Source material —
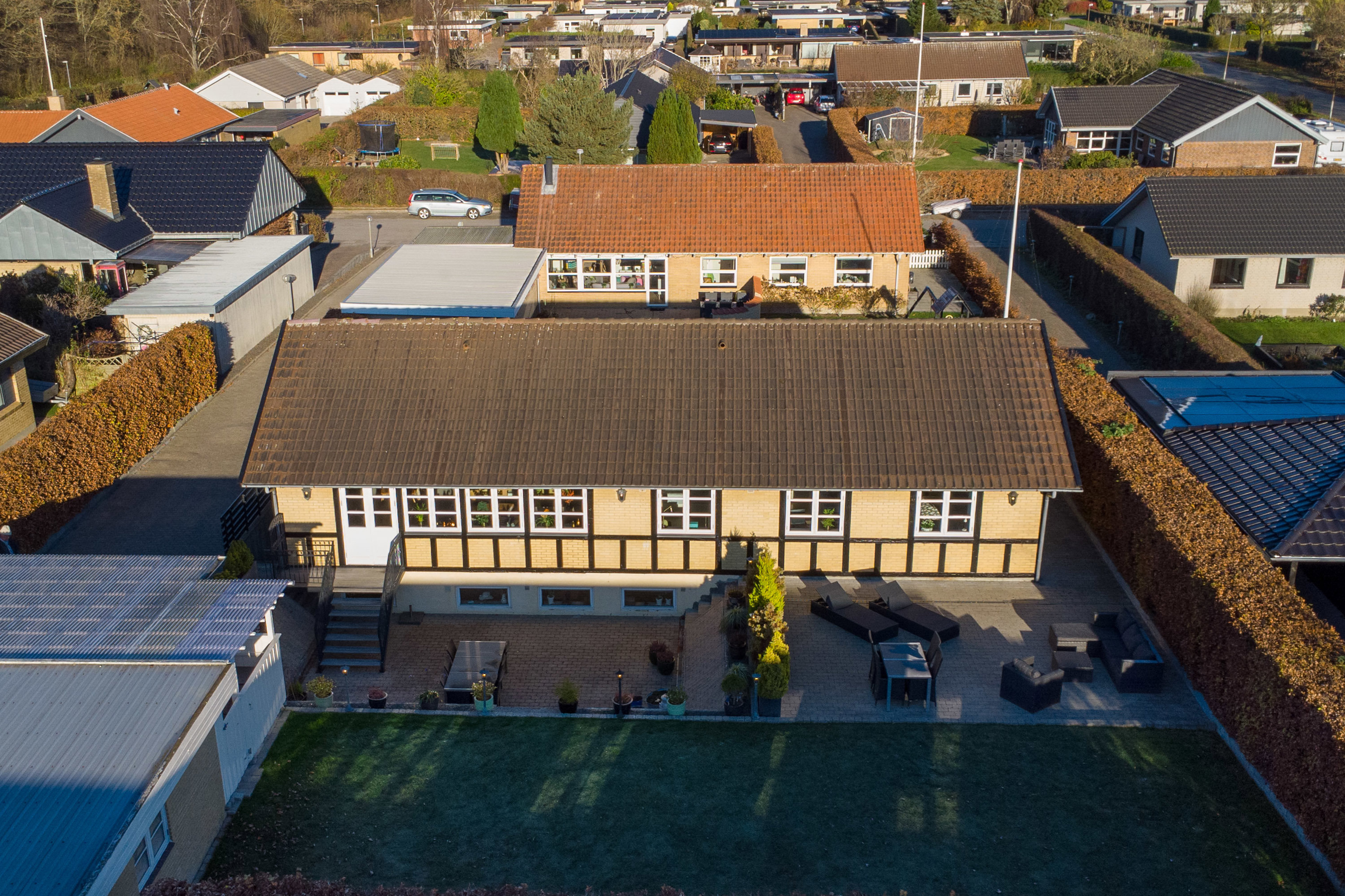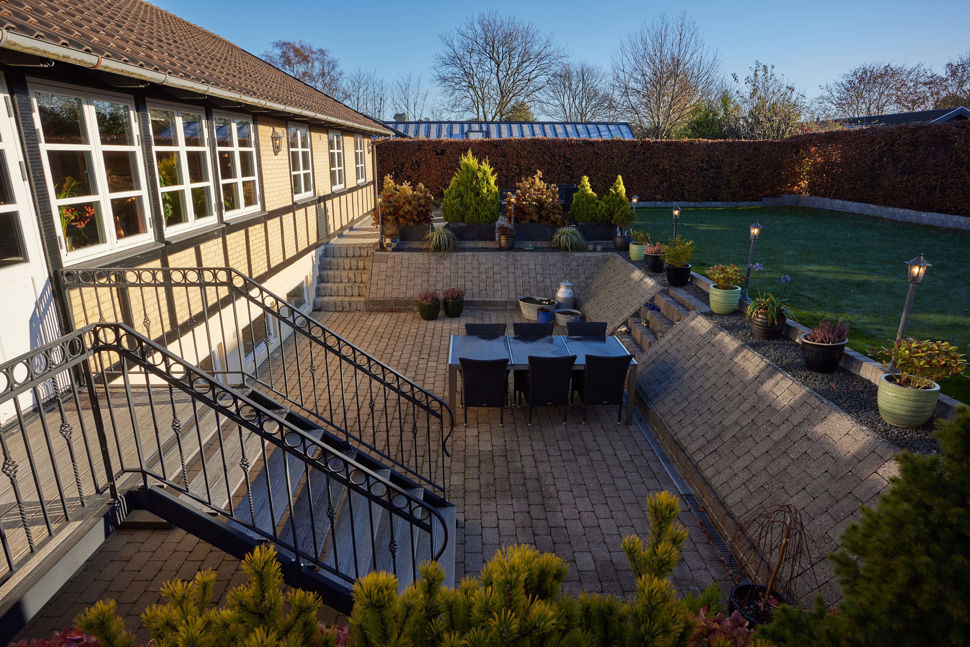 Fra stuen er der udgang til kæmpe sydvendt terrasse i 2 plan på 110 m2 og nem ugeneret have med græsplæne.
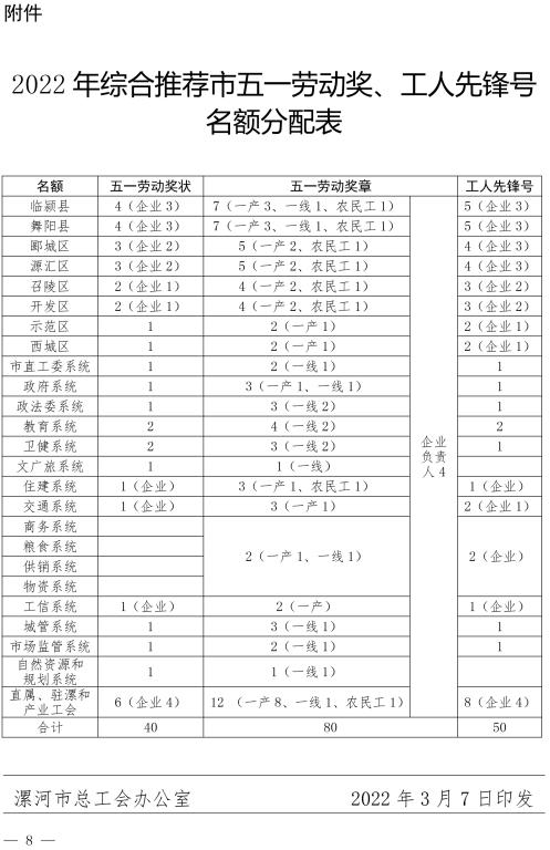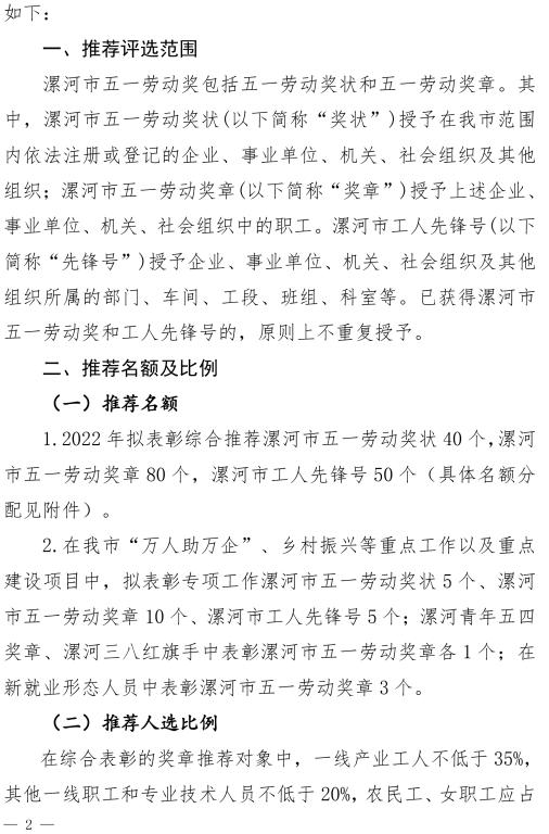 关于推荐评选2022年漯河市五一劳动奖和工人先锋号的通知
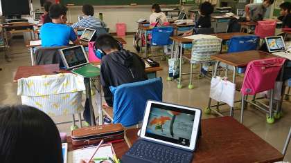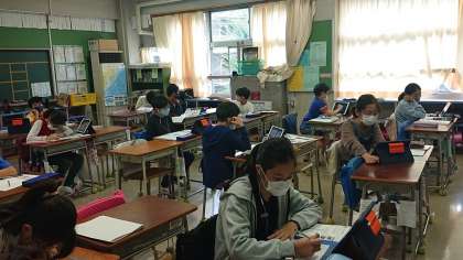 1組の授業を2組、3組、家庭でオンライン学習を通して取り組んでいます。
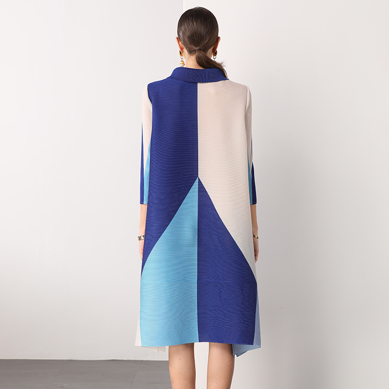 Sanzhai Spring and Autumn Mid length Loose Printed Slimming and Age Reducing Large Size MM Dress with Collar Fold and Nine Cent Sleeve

Goal of the exercise — Every line between the one containing "关于推荐评选2022年漯河市五一劳动奖和工人先锋号的通知" and the end of the listing, both included, needs to be retyped exactly, minus the pictures.

Exercise output —
 关于推荐评选2022年漯河市五一劳动奖和工人先锋号的通知
 1組の授業を2組、3組、家庭でオンライン学習を通して取り組んでいます。
 Sanzhai Spring and Autumn Mid length Loose Printed Slimming and Age Reducing Large Size MM Dress with Collar Fold and Nine Cent Sleeve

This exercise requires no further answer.